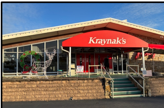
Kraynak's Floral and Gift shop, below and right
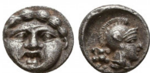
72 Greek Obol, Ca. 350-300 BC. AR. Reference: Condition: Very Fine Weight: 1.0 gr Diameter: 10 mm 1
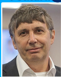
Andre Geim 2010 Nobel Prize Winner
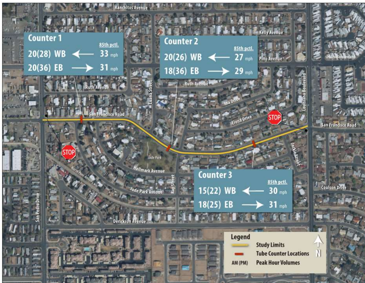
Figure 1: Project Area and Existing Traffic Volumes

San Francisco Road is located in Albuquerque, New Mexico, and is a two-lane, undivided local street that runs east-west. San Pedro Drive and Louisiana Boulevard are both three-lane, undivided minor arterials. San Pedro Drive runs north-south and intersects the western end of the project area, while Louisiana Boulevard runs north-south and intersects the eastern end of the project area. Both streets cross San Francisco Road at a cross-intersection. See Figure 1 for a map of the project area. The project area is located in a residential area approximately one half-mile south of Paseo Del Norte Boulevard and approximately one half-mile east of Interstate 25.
——
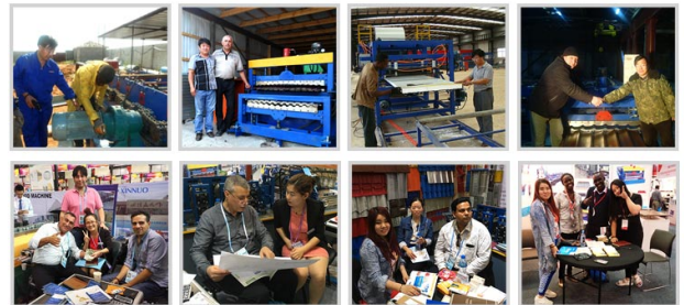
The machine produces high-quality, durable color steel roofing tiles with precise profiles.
——
Each line above that has the word "Figure" should be copied.

Figure 1: Project Area and Existing Traffic Volumes
San Francisco Road is located in Albuquerque, New Mexico, and is a two-lane, undivided local street that runs east-west. San Pedro Drive and Louisiana Boulevard are both three-lane, undivided minor arterials. San Pedro Drive runs north-south and intersects the western end of the project area, while Louisiana Boulevard runs north-south and intersects the eastern end of the project area. Both streets cross San Francisco Road at a cross-intersection. See Figure 1 for a map of the project area. The project area is located in a residential area approximately one half-mile south of Paseo Del Norte Boulevard and approximately one half-mile east of Interstate 25.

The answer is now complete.